Information provided: Begin

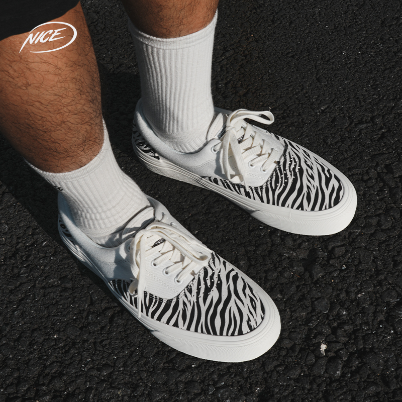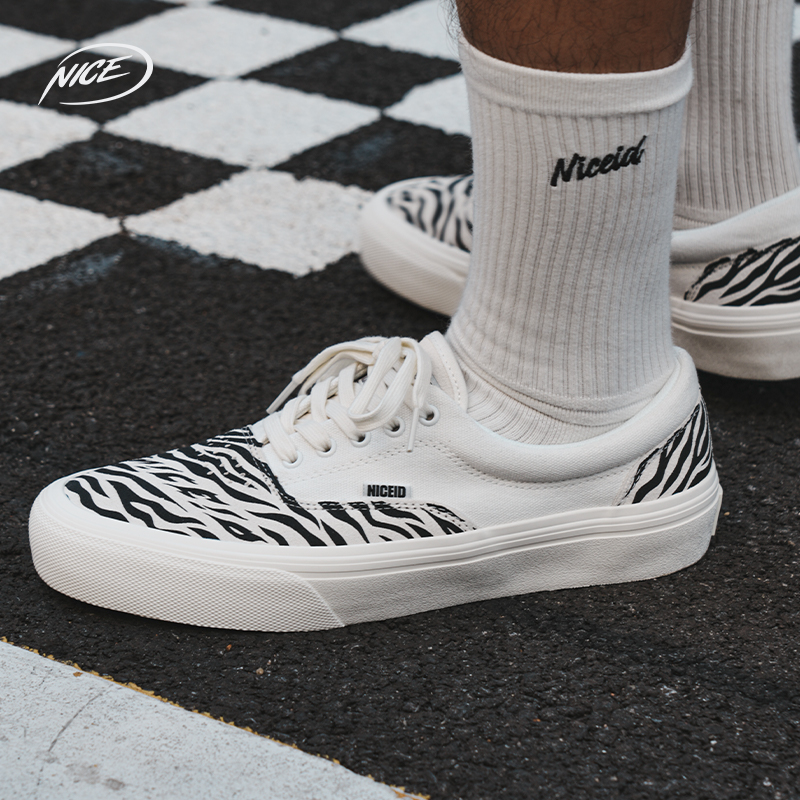 NICEID NICE斑马纹运动帆布鞋翻毛皮低帮潮流休闲男女软弹耐磨
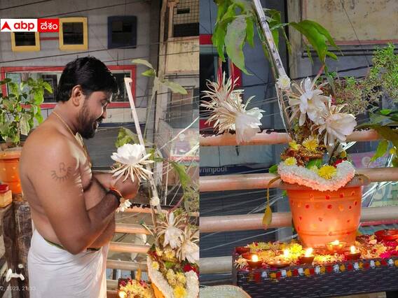 Brahma kamalam News In Telugu: మేడ్చల్ జిల్లా జీడిమెట్ల : షాపూర్ నగర్ ప్రాంతంలో నివాసముండే సురేష్ గౌడ్ ఇంట్లో మూడు సంవత్సరాల కిందట బ్రహ్మ కమలం (Brahma kamalam) ఆకును ఏర్పాటు చేశాడు. డిసెంబర్ నెలలో మొదటిసారి ఒక బ్రహ్మ కమలం పువ్వు కార్తీక పౌర్ణమి రోజున వికసించింది. రెండవసారి ఐదు బ్రహ్మ కమలం పువ్వులు ముక్కోటి ఏకాదశి రోజున వికసించాయి. ఇలా ప్రత్యేకమైన రోజు బ్రహ్మ కమలం పూయడం అనేది సాక్షాత్ ఆ బ్రహ్మ స్వరూపం మా ఇంటికి వచ్చినట్టుగా మేము భావిస్తున్నామని వారు తెలిపారు.
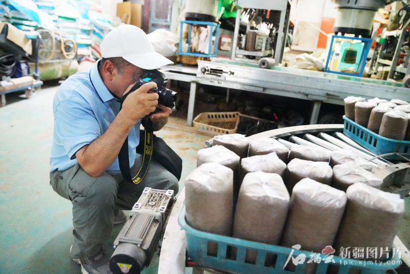 6月30日,在疏勒縣“魯疆情”食用菌生態(tài)科技示范園里,攝影記者約提克爾·尼加提在生產車間拍攝。

Information provided: End

## Instructions to follow
Would you return the whole listing above exactly as written, skipping any image?

## Response to this exercise
 NICEID NICE斑马纹运动帆布鞋翻毛皮低帮潮流休闲男女软弹耐磨
 Brahma kamalam News In Telugu: మేడ్చల్ జిల్లా జీడిమెట్ల : షాపూర్ నగర్ ప్రాంతంలో నివాసముండే సురేష్ గౌడ్ ఇంట్లో మూడు సంవత్సరాల కిందట బ్రహ్మ కమలం (Brahma kamalam) ఆకును ఏర్పాటు చేశాడు. డిసెంబర్ నెలలో మొదటిసారి ఒక బ్రహ్మ కమలం పువ్వు కార్తీక పౌర్ణమి రోజున వికసించింది. రెండవసారి ఐదు బ్రహ్మ కమలం పువ్వులు ముక్కోటి ఏకాదశి రోజున వికసించాయి. ఇలా ప్రత్యేకమైన రోజు బ్రహ్మ కమలం పూయడం అనేది సాక్షాత్ ఆ బ్రహ్మ స్వరూపం మా ఇంటికి వచ్చినట్టుగా మేము భావిస్తున్నామని వారు తెలిపారు.
 6月30日,在疏勒縣“魯疆情”食用菌生態(tài)科技示范園里,攝影記者約提克爾·尼加提在生產車間拍攝。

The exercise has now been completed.